こんにちは!岩国のつぼい歯科クリニック 歯科医師の松浦です。
そろそろ企業や学校の歯科健診のシーズンですね。

今回はむし歯予防のための、フッ素についてお話していきます。

フッ素について

フッ素といえば、テレビCMなどでも、虫歯予防の代名詞のように言われていますね。

 

実際、フッ素は虫歯予防に対して、しっかりとした効果が得られることが明らかになっています。

参考 ドクターズブログ:フッ素は危険?3歳~6歳ぐらいの子どものフッ素についての話

フッ素が歯を丈夫にするメカニズム

フッ素の作用としては、歯の表面構造を丈夫で安定なフルオロアパタイトという構造に変化させて溶けにくい歯、虫歯に強い歯にするというものです。

 

虫歯を予防するという点からすると、欠かせない存在であることは確かです。
フッ素は食品にも含まれており、紅茶などにも含まれています。

参考 院長ブログ:お母さんが妊娠中に赤ちゃんの歯を丈夫にできる食べ物とは?

歯みがき粉とフッ素

フッ素はほとんどの歯磨き粉に配合されています。

市販品の約9割がフッ素配合みたいです。

逆に、フッ素入りではない歯磨き粉を探す方が困難なようです。

高濃度フッ素含有の歯みがき粉について

フッ素濃度が950ppm程度である歯磨き粉がほとんどでしたが、最近では高濃度フッ素と言われる1450ppm程度まで認可されました。

濃度が高い方が虫歯の予防効果は高いです。
しかし、注意も必要です。

高濃度のフッ素による副作用リスクもあるため、6歳未満のお子さまへは使用させない、また、保管も6歳未満のお子さんの手の届かないところにするように、厚生労働省より各歯科医院に通知が来ています。

小さなお子様がいるご家庭では、注意してご使用ください。

 

歯みがき後うがいをするとフッ素が洗い流されます。

フッ素入りであることを意識するのであれば、歯磨き後のうがいはほどほどにして、お口の中にフッ素が残る方が効果的です。
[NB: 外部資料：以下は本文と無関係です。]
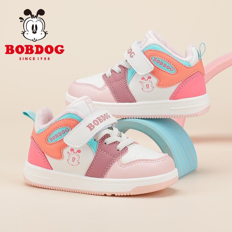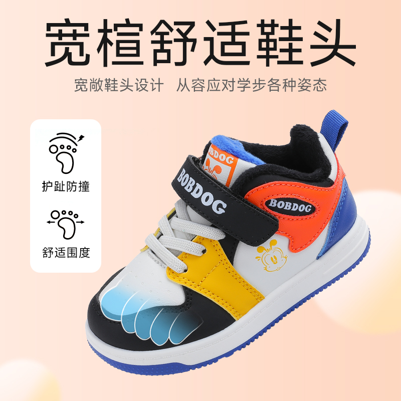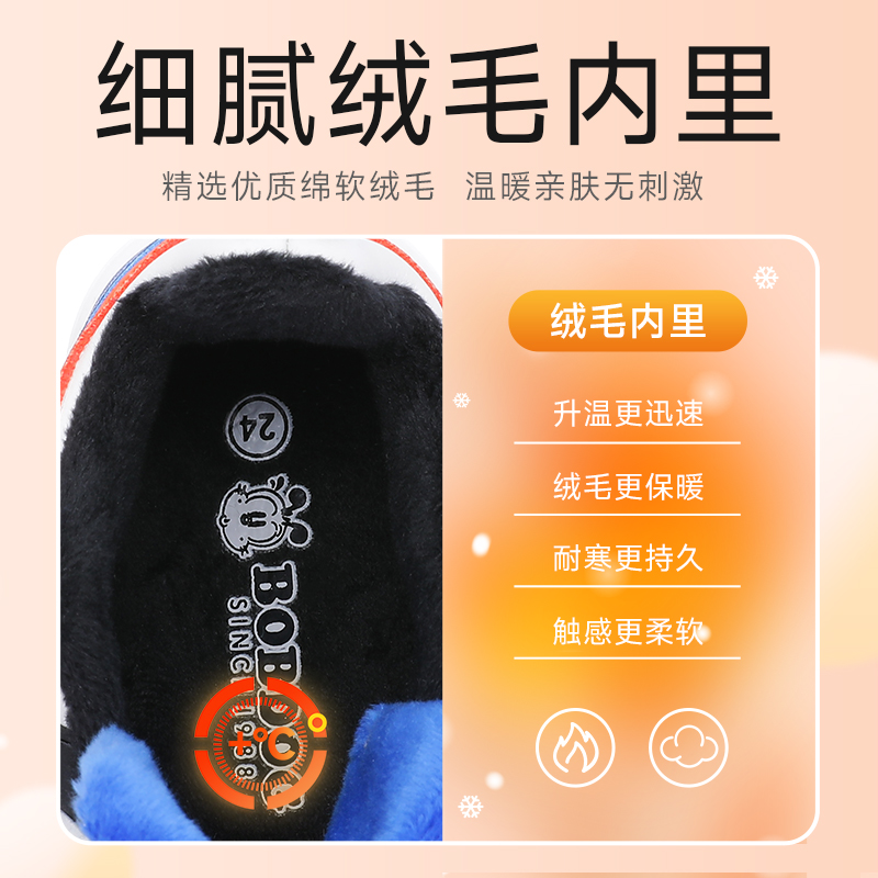 巴布豆童鞋男童鞋子秋冬款加绒鞋婴儿板鞋小童冬季鞋软底二棉鞋女

もっと確実な方法として、歯磨き後普通にしっかりうがいをして、唾液の分泌の少ない寝る前にフッ素入りのジェル歯に塗って寝るという方法もおススメです。

歯科医院でのフッ素塗布と自宅でのフッ素を併用しても大丈夫なの?

作用機序が違うので、併用して問題ありません。

歯科医院で使用しているフッ素の濃度は9000ppmです。

毎日ご自宅でフッ素で虫歯予防をして、あとは定期的に歯科医院で高濃度のフッ素を用いて予防を行っていくのがベストではないかと思います。

フッ素入りの洗口剤について

他にも洗口剤と言ったうがい薬のようなものによるフッ素の応用もオススメです。

 

洗口剤は歯磨き粉やフッ素入りジェルよりも細かい部分にフッ素が入り込んで虫歯を予防してくれるので、予防効果が高いです。

つぼい歯科クリニックではミラノールという洗口剤をおすすめしています。

就寝前にうがいをします。

お口の中にフッ素が残っている状態において、歯の表面構造が変化していきます。

先ほどの歯磨きの後のうがいもそうですが、お口の中にフッ素が残っているということが重要なんです。

寝る前洗口剤でうがいをして、そのまま寝るというのは理にかなっているように思います。

 

年齢やお口の中の状態によっても、より良いフッ素の使い方が異なりますので、お気軽にご相談ください。

まとめ

  • フッ素とは歯の表面に作用し、歯を丈夫にします。
  • 高含有量のフッ素入り歯磨き粉が発売されましたが、6歳未満のお子さまのいるご家庭では注意が必要です。
  • フッ素はお口の中に長時間残っていることが大事なので、寝る前にフッ素入り洗口剤の使用がおススメです。